Comparing these “Great Books” to modern Christian stories such as “Fireproof”, “Facing the Giants” and “Bella”, she described these films as banal. “Great Books were generally written for the mainstream,” she said. “They speak to everyone on different levels. You don’t have to be Catholic to read ‘Brideshead Revisited’. (But) if you are Catholic, you get it in a whole other way.”

Nicolosi laments the fact that Christian films are usually only geared toward the Christian subculture, and are only really watched by those inside the Christian subculture-regardless of whether the film is of good quality.

“I get criticized a lot for criticizing bad production values in projects made by believers,” said Nicolosi. “People say to me, ‘What did you think of this movie?’, and I say, ‘Well, it had no second act.’ And they say, ‘How can you say that? It was made by Catholics!'”

Nicolosi also said that Christians are unwilling to work with secular people in the media world because of their unwillingness to evangelize. She said to consider what would have happened if St. Paul had that mindset.

“‘Ok, Corinth and Ephesus, — off’,” she said, imagining what St. Paul would have said if he had been of this opinion. “Those are the centers of prostitution, you know… Imagine where the Church would be if our forefathers in the faith were as chicken-livered as we are today.” She said that because of our mediocrity, “the walls are closing in on us.”

“The U.S. Government looks at that and says, ‘Hey, looks like a good time to have a persecution!'” she said. “Because they’re guessing that there is no fight in us. And they’re making that guess based on observation.”

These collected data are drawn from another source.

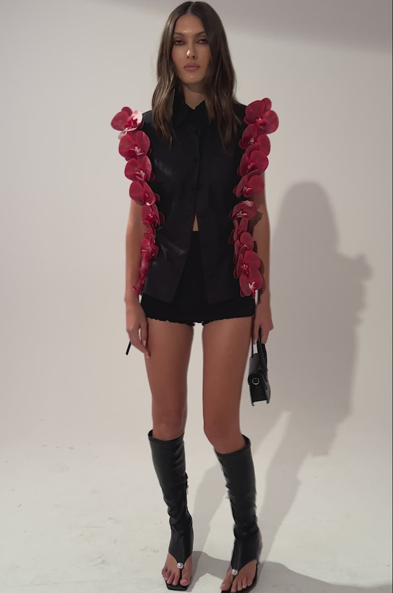 Lookin’ red hot and rosy in The AKIRA Label Rose Petals Button Down. This beachy top is crafted from crisp poplin cotton and features a classic pointed collar, a sleeveless design, exposed sides with tonal self-tie closures, one left chest pocket, and both sides are lined with tropical, 3D floral appliques. Complete with button front closures, and a boxy silhouette. Pair with a mini skirt, platform sandals, and rattan accessories for a finished look.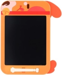 Das verspielte orangefarbene Design mit Ohren und einem Knochen als Stylus motiviert Kinder zum Zeichnen und spielerischen Lernen.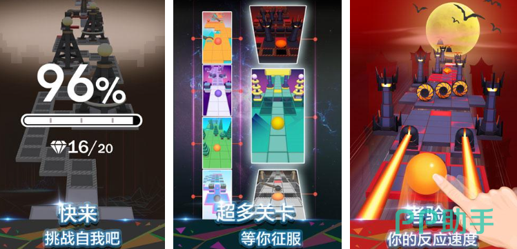 《滚动的天空》拥有色彩缤纷的小球,而玩家则需要操作这些小球来进行闯关,且闯关的过程中也有各种陷阱以及障碍物需要规避。目前有上百个不同主题的关卡可以挑选,玩家在滚动小球的过程中还可以收集钻石和金币等。手游采用的是3d图形技术,每个关卡都配有相应的bgm,玩家可以根据BGM来调整小球的速度以及跳跃的时间,以达到最佳的效果。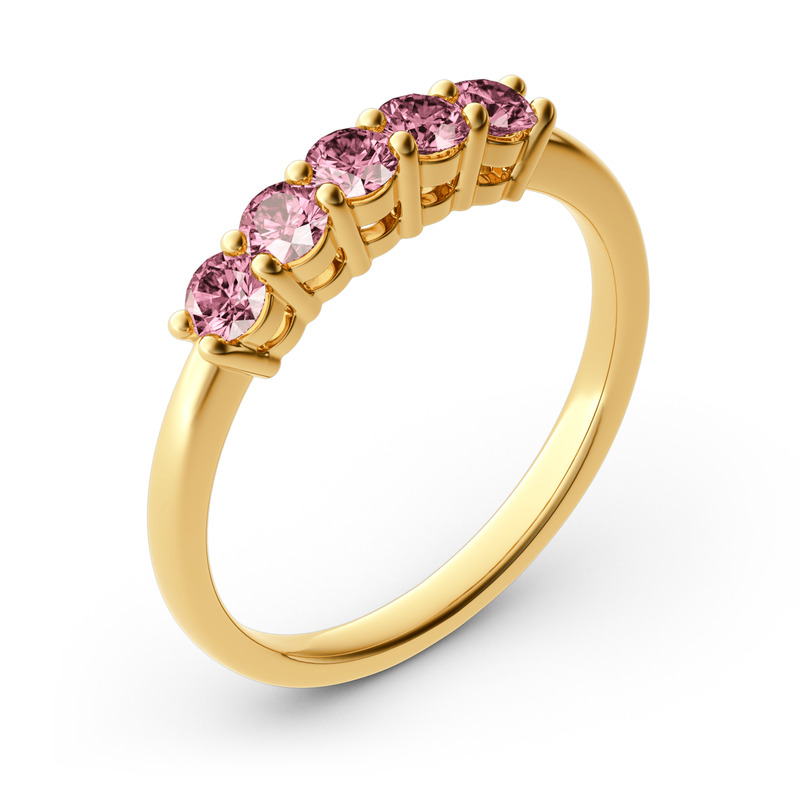 Jeulia Cinco Piedras Redondas Anillo De 10K/14K/18K Oro Blanco

She also shared common misconceptions of Catholics who do not want to work with mainstream Hollywood. One misconception was that we need to support any kind of Christian or Catholic-made film because, “we need to send a message to Hollywood!” Instead, all we are telling Hollywood is ‘Why should we have talent or training? We have Jesus.’

Referring to these kinds of works as “anti-propaganda for ourselves”, Nicolosi said that on the other hand, the Great Books could never have been confused with propaganda. Though they do not deal with overt Catholic theology, they do generally deal with sin. Even more importantly, the Great Books are beautiful.

“A Christian movie or book is first and foremost a thing of beauty,” she said. “It’s got to be more, too, but it starts with beauty. If it’s bad acting, sloppy writing, bad production design, uneven everything, missing sound design, no lighting design, don’t you dare call it a Christian film.”

She also said that this current culture is “our culture” too. “Don’t we know it by looking at our own families?” she said. “Probably every single one of you has a story in your own family about the ravages of the sexual revolution. We haven’t been spared from divorce or same-sex attraction in our families. Addictions, abortions — they are just as much our stories as the people outside the church doors.”